= Swaralaya Kairali Yesudas Award =

Award for music artists in recognition to their outstanding performance based in India

The Swaralaya Kairali Yesudas Award, usually referred to as Yesudas Award, is an award for music artists in recognition of their outstanding performance. The award is instituted jointly by Swaralaya, an organization that promotes music and Kairali Channel, based at Trivandrum, India. Awards have been given annually since 2000. K. J. Yesudas presents the awards at a Gandharva Sandhya on every January.

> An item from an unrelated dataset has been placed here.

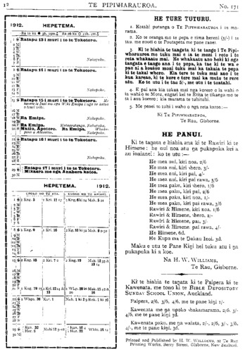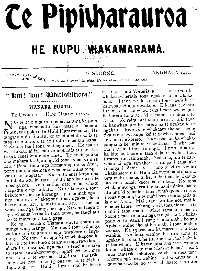 Te Pipiwharauroa HE KUPU WHAKAMARAMA. NAMA 171. GISBORNE. " He ao te rangi ka uhia He huruhuru te manu ka rere." AKUHATA 1912. Kui! Kui! Whitiwhitiora TIANARA PUUTU. TE UPOKO O TE HAHI HARAWEIHANA. NO te 21 o nga ra o tenei marama ka puta nga whakaatu kua mate a Tianara Puutu, te upoko o te Hahi Haraweihana. He tangata nui a Puutu, ko te ki a etahi ko ia te tangata nui atu o te ao i roto i enei tau maha. E 82 ona tau i tona matenga nei. He roa te wa i takoto ai ia, kaore e mohiotia atu ana kei te ora ranei kua mate ranei. Te hokinga ake ona mahara ka karanga ki tona tama ka mea atu, " Pono tonu nga homaitanga a te Atua, pono tonu, mehemea e whakapona ana te nga- kau o te tangata." Ka mutu enei kupu ana ka takoto atu ki raro, katahi ano ka moe i te moenga roa. Ko tona tino mate ko ona whatu i tapahia e nga takuta. Ki te korero a tona hekeretari, na te korenga i pai te mahinga a nga takuta i whakapouri tona ngakau, heke haere tonu atu, a mate tonu atu. I tae he waea ma nga kingi, me nga Kawanatanga o nga whenua katoa ki tana tama, he tangi atu mo te matenga o tona papa. Ko nga matua o Tianara Puutu ehara i te hunga whai oranga. Mai ano i tona pakunga ka kite ia i te ahua o nga rawakore o Inga- rangi. No tona huringa ki te whakapono ka kite ia i te tino kino o te ahua o nga rawakore: ehara i te mea kei nga mea o tenei ao anake to ratou rawakoretanga, engari kei nga mea ano hoki o te wairua. Mai i tona tamariki- tanga tae noa ki te 15 ona tau ko te Hahi o Ingarangi tona Hahi. I muri mai ka haere ia ki te Hahi Weteriana. I a ia i reira ka whakatuwheratia tona ngakau ki te whaka- pono. I taua wa ka timata tona haere ki te kauwhau ki nga rawakore. E ki ana ia, ehara i te mea he kauwhau tana i taua wa, engari he korero tonu atu ki a ratou i te ahua o te Atua. No reira mai ano i mau ai i a ia tana tu kauwhau, ara he korero na te ngakau ki te ngakau. Kaore ia e whakaaro ake ana kei te tika ranei nga kupu kei te pewhea ranei, heoi ano tana he korero. Ka 25 ona tau ka whaka- pangia ia hei minita Weteriana. E wha ona tau i tu ai i taua turanga. I roto i aua tau ka kite ia, kaore e taea e ia te mahi i tana turanga tona tino mahi i hiahia ai, ara te kau- whau ki nga rawakore, i runga i tana ake tikanga i hiahia ai. I tono ai ki te Komiti whakahaere o te Hahi kia motuhia atu ia mo tera mahi anake, a kei a ia tonu te tikanga mo tana mahi, kaore ia i tukua. Ko tona whakamutunga tera i tana mahi minita, haere atu ana ki te mahi i tana i whakapono ai i roto i tona ngakau, ko te mahi tera i karangatia ai ia e te Atua. Mai i taua wa tae noa mai ki naianei kaore i tohungia e ia tona tinana ki te mahi i tana mahi. Mate rawa ake nei ia kaore e taea te tatau nga tangata kua whaka- pono ki te Atua i rung i tana mahi, ko ana Apiha i waiho iho ai hei mahi i tona mahi e 22, 000. Ka 55 ona tau ka marena ia ki tana wahine. Ko taua wahine he rile tonu te ngakau ki tona, a he rite tonu to raua kaha ki te kauwhau. E karangatia ana taua wahine ko te " whaea o te ope Haraweihana." Ko a raua tamariki tokotoru, kotahi te mea tane, tokorua nga mea wahine. Ratou katoa he kai kauwhau anake no te whakahaere a o ratou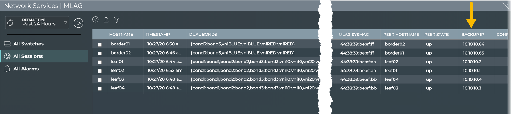 You can determine whether MLAG sessions have a backup IP address assigned and ready using the NetQ UI or NetQ CLI.

==Swaralaya-Kairali-Yesudas awardees==
| Year | Swaralaya-Kairali-Yesudas award |
| 2016 | Vidyasagar |
| 2012 | M. Jayachandran |
| 2011 | M. G. Sreekumar |
| 2010 | Shreya Ghoshal |
| 2009 | Sujatha Mohan |
| 2008 | Kavita Krishnamurthy |
| 2007 | Shankar Mahadevan |
| 2006 | A.R. Rahman |
| 2005 | Sonu Nigam |
| 2004 | Hariharan |
| 2003 | K. S. Chithra |
| 2002 | Asha Bhosle |
| 2001 | S. P. Balasubrahmanyam |
| 2000 | P. Jayachandran |

==Special Jury awardees==
| Year | Special Jury award |
| 2012 | T. M. Soundararajan |
| 2009 | M. K. Arjunan |
| 2008 | M. S. Viswanathan |
| 2007 | V. Dakshinamoorthy |
| 2006 | K. Raghavan |
| 2005 | P. Susheela |
| 2004 | Santha P. Nair |
| 2003 | P. Leela |
| 2002 | Manna Dey |
| 2001 | S. Janaki |
| 2000 | |

==Swaralaya-Kairali-Yesudas Legendary awardees==
Swaralaya-Kairali-Yesudas Legendary award was introduced in 2010 in order to honour the legends in music.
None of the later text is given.